The amines that are the best lysosomotropic agents possess a secondary or tertiary amine function that is not resonant with an unsaturated bond system and, critically, possess a high liposolubility because these molecules must diffuse through 2 membranes to reach the interior of acidic vacuoles from the extracellular fluid. These chemicals are indeed distributed in many apparently unrelated drug classes, don’t follow strict structure-activity rules but have in common a large apparent volume of distribution, consistent with rapid tissue uptake from the blood. Thus, chloroquine and hydroxychloroquine can be considered as substituted triethylamines (Et3N) with a fair liposolubility (logP values of 4.35 and 3.46, respectively), but there is a full scale of lipid solubility in this series. For instance, lidocaine is a more hydrosoluble Et3N (logP 2.63) and will cause a transient vacuolar cytopathology at millimolar concentrations only at sites of injection when used as a local anesthetic [19,20]. The antiarrhythmic agent amiodarone is much more lipophilic (logP 7.9), active at low micromolar levels in cultured cells, and has attracted attention in the past due to its accumulation in tissues and occasional production of related side effects such as skin discoloration and a drug accumulation disease in the lung, kidney, and other organs [14,21,22,23,24]. There is ample evidence that the lysosomotropic constellation of effects is observed following oral chronic dosing with amiodarone.
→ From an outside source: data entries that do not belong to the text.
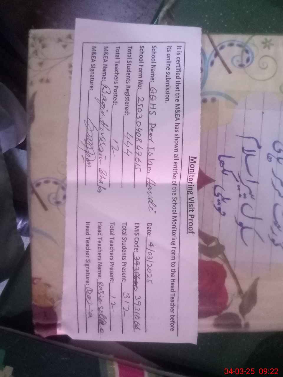 | EMIS Code: 39310616 | Name of School: GGHS PIR ISLAM | |||
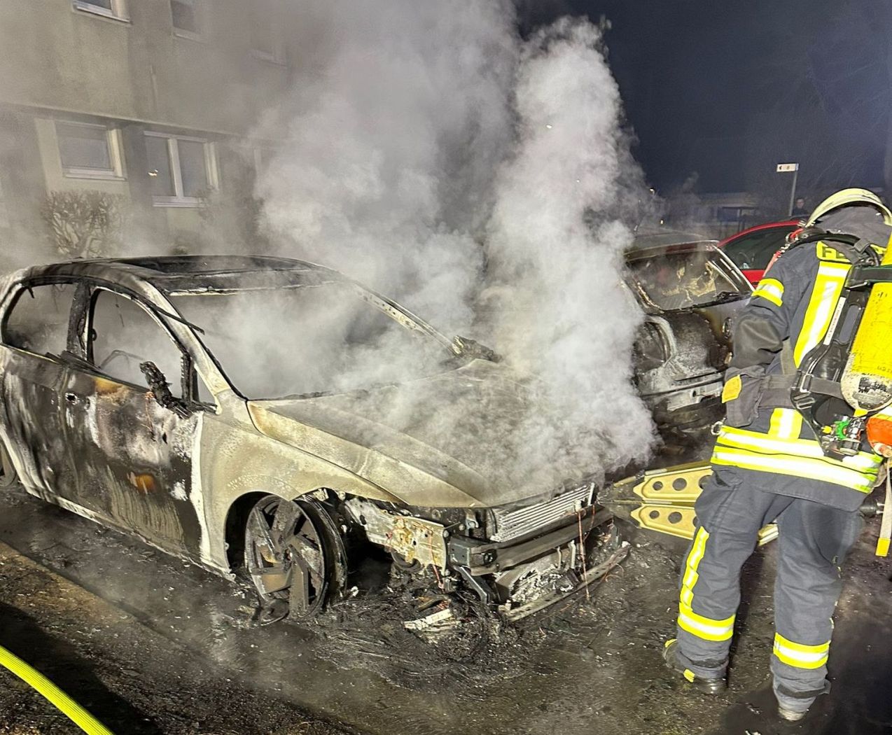 Barsinghausen. Am Dienstag, 10. März, wurden die Ortsfeuerwehren Barsinghausen und Kirchdorf um 04.24 Uhr zu einem Pkw-Brand in die Goethestraße alarmiert. Beim Eintreffen der Einsatzkräfte stand ein Pkw bereits in Vollbrand. Ein daneben abgestelltes Fahrzeug hatte ebenfalls Feuer gefangen.
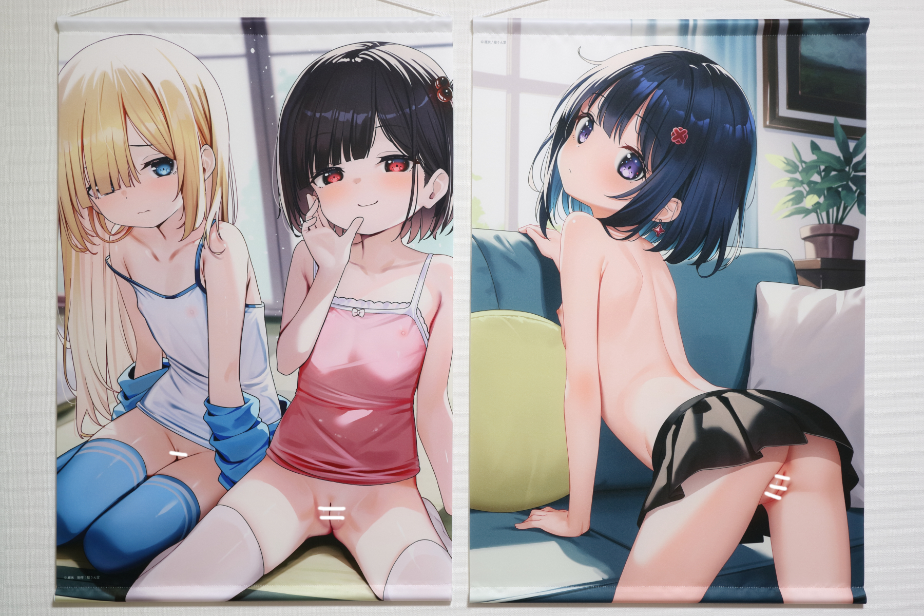 メロンブックスさんでもエッ!なタペストリーを販売されていらっしゃいます。たまに中古ショップさんで販売されているのを見かけますが、同じイラストでもSUJIだったりモザだったり白線で隠れてたりとまちまちな印象です💦購入時期によって修正の入り方が異なるかもなのでその点ご承知おきの上ご購入下さい。Wスエードでなくスエード生地な点もご注意ください。
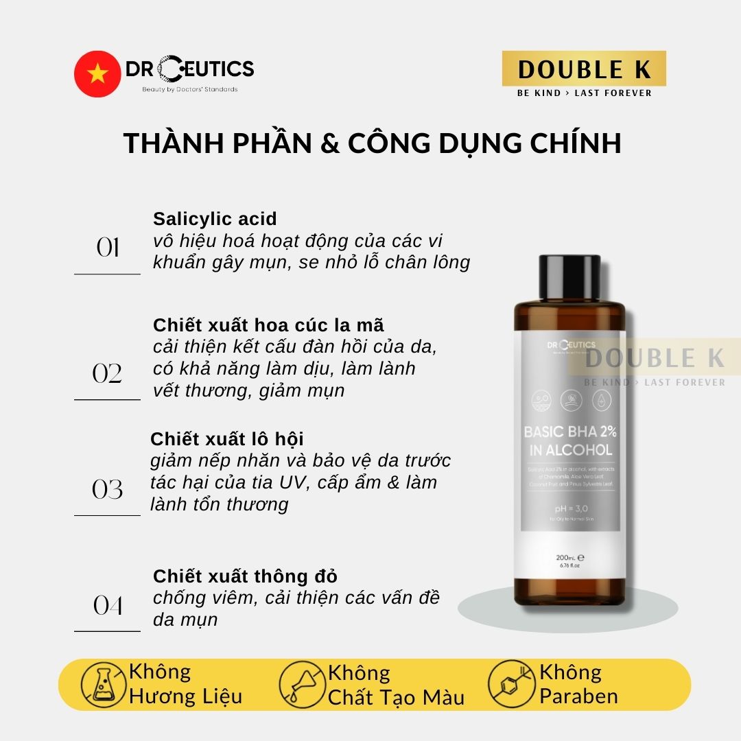 THÀNH PHẦN & CÔNG DỤNG CHÍNH của Basic BHA 2% In Alcohol (Nền Cồn) DrCeutics
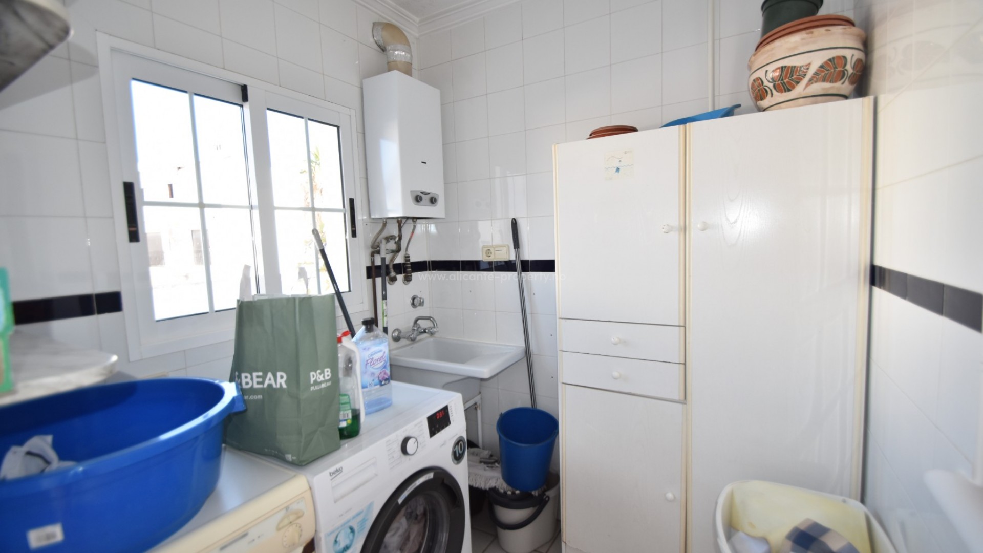Vi har gleden av å presentere dette vakre og romslige familiehjemmet, som ligger i hjertet av den populære landsbyen Los Montesinos på den solfylte Costa Blanca. Landsbyen tilbyr alle nødvendige fasiliteter, ligger en kort kjøretur fra strendene og har utmerkede forbindelser til motorveien og Alicante flyplass. Eiendommen er fordelt over tre etasjer. I første etasje fører en sjarmerende gang til garasjen og den nedre delen av villaen på venstre side. Det er parkeringsplass for flere biler, og de nåværende eierne bruker også plassen som ekstra boareal: den inkluderer en stue, et kjøkken, tre soverom, et bad og til og med et innendørsbasseng. Det er det perfekte stedet for familier som søker privatliv eller foretrekker å bo i første etasje. Fra gangen oppe kommer du inn i hovedhuset. Her finner du en romslig stue med peis og en balkong med utsikt over landskapet og innsjøene. Det er et stort separat kjøkken med spisebord og tilgang til den romslige bakterrassen, ideell for å underholde venner og familie. Denne etasjen huser også fire doble soverom og to felles familiebad. Opp trappen er det en annen stue eller et potensielt soverom, som for tiden brukes som treningsrom. Fra stuen har du tilgang til et vakkert, stort takterrasse, hvor du kan nyte utsikten over naturparken, innsjøene og havet. Denne eiendommen er i perfekt stand og klar til innflytting. Den har klimaanlegg, peis, god lagringsplass og innebygde garderober. Eiendommen tilbys delvis møblert (avhengig av tilgjengelighet). Kontakt oss i dag for et besøk!
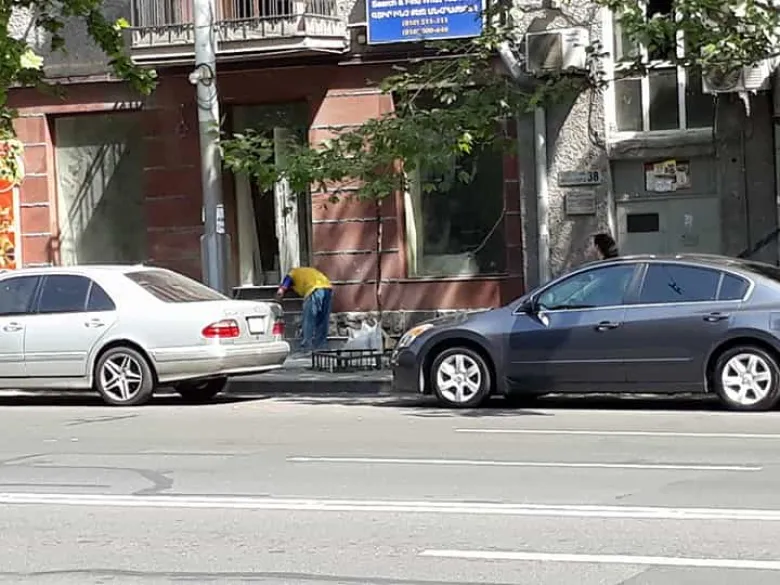 Անցորդներից մեկը դիտողություն է անում, առաջարկելով գոնե կտոր քաշել, որ փոշին չտարածվի: «Դուրդ չի գալիս, անցի մյուս մայթով քայլի»,- կոպիտ ասում է բանվորը եւ քթի տակ փնթփնթում: Մեկ այլ անցորդ առաջարկում է դադարեցնել աշխատանքները, բանվորը նրան պարզապես վիրավորում է՝ անխելք, դու պիտի ասես ես ինչ անեմ:
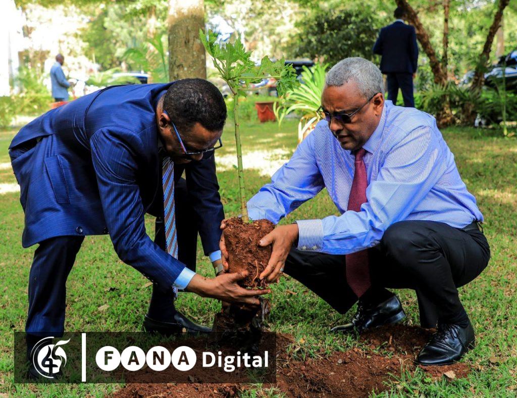 አዲስ አበባ፣ ሐምሌ 5፣ 2015 (ኤፍ ቢ ሲ) የኢፌዴሪ ምክትል ጠቅላይ ሚኒስትር እና የውጭ ጉዳይ ሚኒስትር ደመቀ መኮንን ኬንያ በሚገኘው የኢትዮጵያ ኤምባሲ አረንጓዴ ዐሻራቸውን አኖሩ፡፡
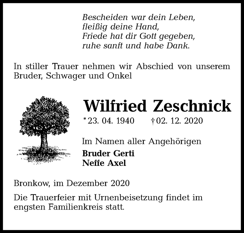 Hier finden Sie alle Traueranzeigen aus der Zeitung, die bisher für Wilfried Zeschnick erschienen sind. Weitere Traueranzeigen, die in der Zeitung erscheinen, werden hier ebenfalls aufgelistet
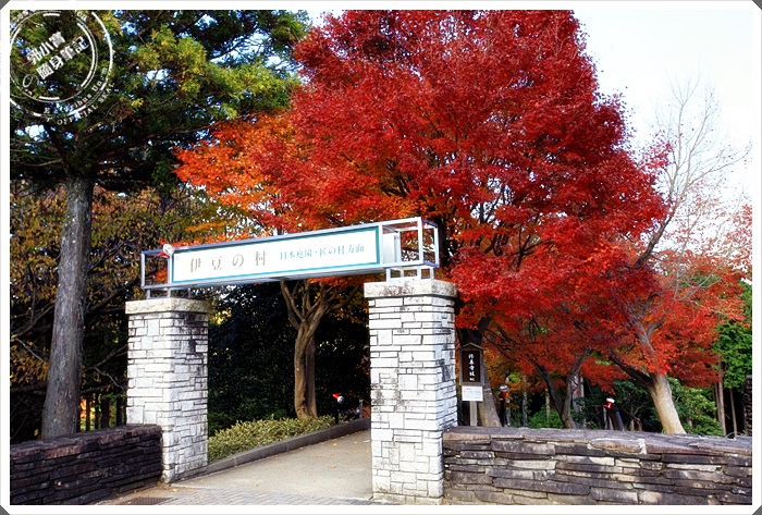 一旁有一個伊豆的村入口,門口就有一顆超美的紅葉樹,火紅的過份!!
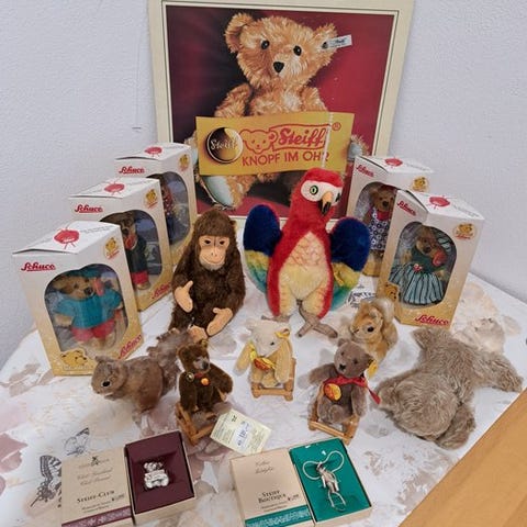 To miniatyr-teddybjørne af det tyske mærke Schuco, fremstillet i perioden 1950-1960. De er lavet af mohair. De har metalnåle, der gør arme og ben i stand til at bevæge sig. Kroppen er også overtrukket med metal og mohair. Hovederne kan forsigtigt drejes. Fra den brune bjørn går det nemmere end fra den lille gule bjørn. Det skal man altid gøre forsigtigt.
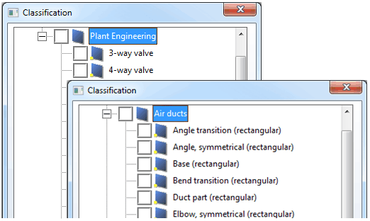 Below the Plant Engineering class you will find the classes of the parts used in Plant Engineering. Below the Air ducts class you will find the classes of the parts used for Air ducts.
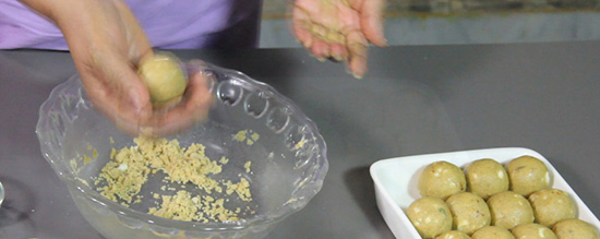 मिश्रण को थोड़ा-थोड़ा हाथ में लीजिये और दबा दबा कर अपने मन पसन्द आकार के लड्डू बना कर थाली में रखिये. सारे मिश्रण से लड्डू बना कर थाली में रख लीजिये. सभी लड्डूओं पर पिस्ते के टुकडे़ सजाएं. बहुत ही अच्छे और स्वादिष्ट सत्तू के लड्डू बनकर तैयार, परोसिये और खाइये. बचे हुये लड्डू कन्टेनर में भर कर रख लीजिये और 2 महिने तक खाते रहिये.
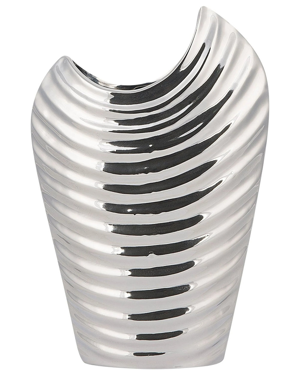Decorative Flower Vase Silver Stoneware Ribbed Glamour Beliani
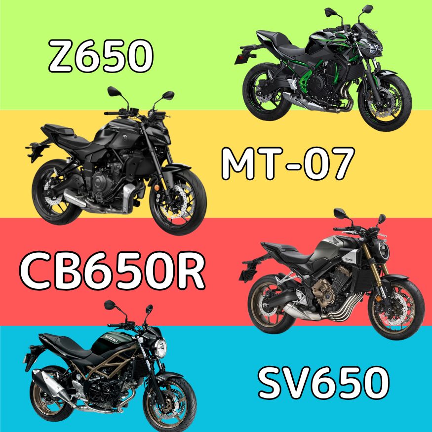 Kawasaki Z650を購入しようと考えている人は、同じミドルクラスのネイキッドバイクとしてYamaha MT-07、Honda CB650R、Suzuki SV650と比較することが多いでしょう。
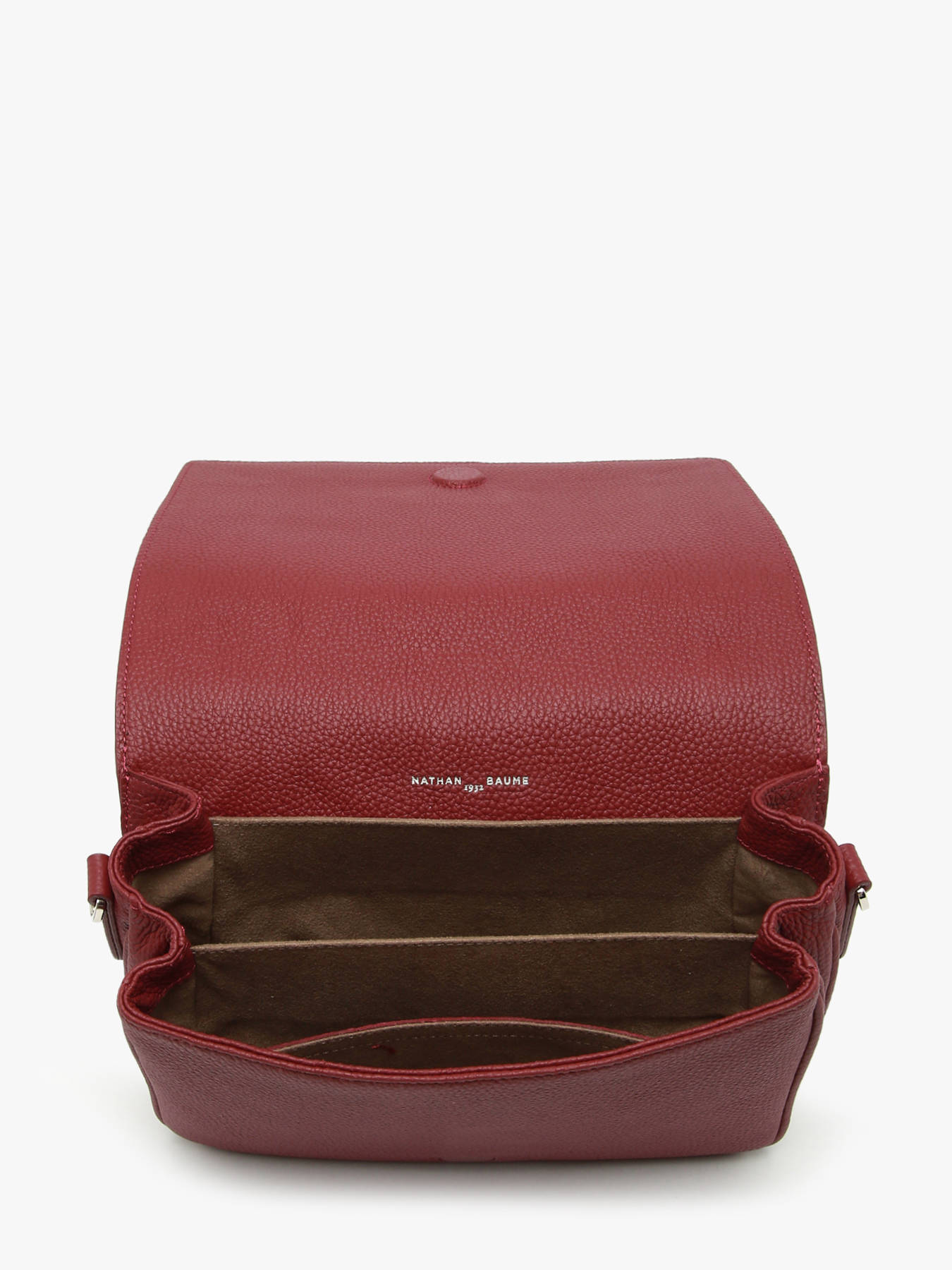 The NATHAN BAUME crossbody bag, crafted from calfskin leather, combines elegance and functionality. Featuring a magnetic flap closure, this bag ensures the safety of your belongings while providing quick and easy access. On the exterior, there is a back pocket for your essentials. The adjustable and removable strap allows for personalized crossbody wear, ensuring optimal comfort. Inside, you'll find a well-organized space with two dividers, one slip pocket, and three separate compartments to keep your belongings neatly arranged. This bag is the perfect accessory to add a sophisticated touch to your daily outfit.
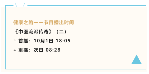 10月1日18:05,呼吸科周继朴主任医师做客CCTV10《健康之路》栏目,为您讲述寒凉派的历史传承。
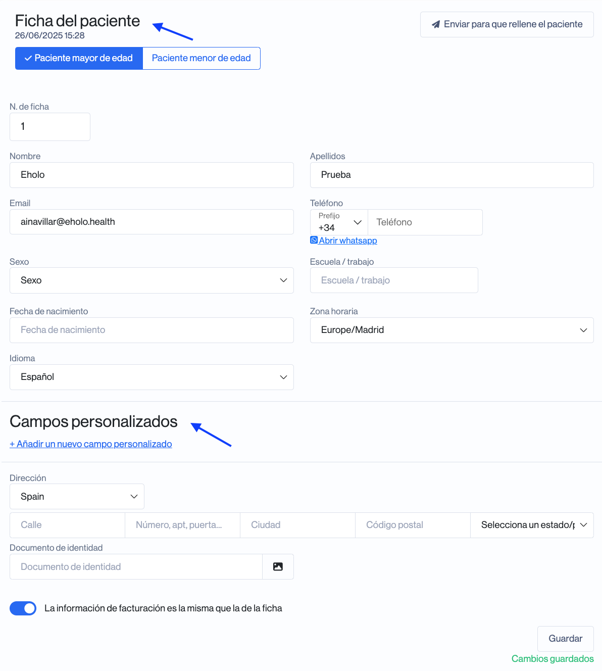 Si la información de la facturación es diferente que la de la ficha del paciente, deberás desactivar la opción de abajo y añadir la información de la facturación.
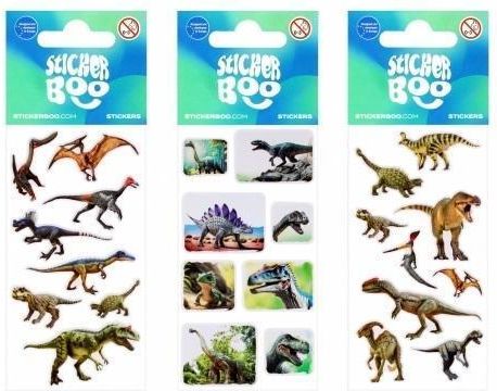 Miks wzorów, towar wysyłany losowo. Cena za sztukę. Naklejki STICKERBOO z grafiką z dinozaurami z pewnością przypadną do gustu dzieciakom, idealne do zdobienia rysunków, wszelkiego rodzaju prac plastycznych oraz kolekcjonowania. Dostępne w 3 odsłonach graficznych. Wymiary: 180x70 mm Opakowanie: blister

2.2. The Transport and Cellular Retention of Lysosomotropic Drugs Is Driven by V-ATPase

Vacuolar (V)-ATPase is a membrane-bound molecular rotary machine analogous to ATP synthase, but working in reverse mode: it maintains proton transport into specific organelles by consuming ATP [25]. V-ATPase is expressed in trans-Golgi-derived organelles: endosomes, secretory granules, late endosomes, lysosomes, that possess a more or less acidic content. This acidity is important for the clearance of lysosomal contents, but also for more subtle functions such as the dissociation of ligands from receptors that are later recycled at the cell surface from endosomes. Gene knock-out of critical V-ATPase subunits is embryologically lethal in mice and drosophila [26,27]. A powerful tool to analyze the function of V-ATPase is its specific and potent inhibitor bafilomycin A1 [18], but it is tolerated by cells for a few hours only.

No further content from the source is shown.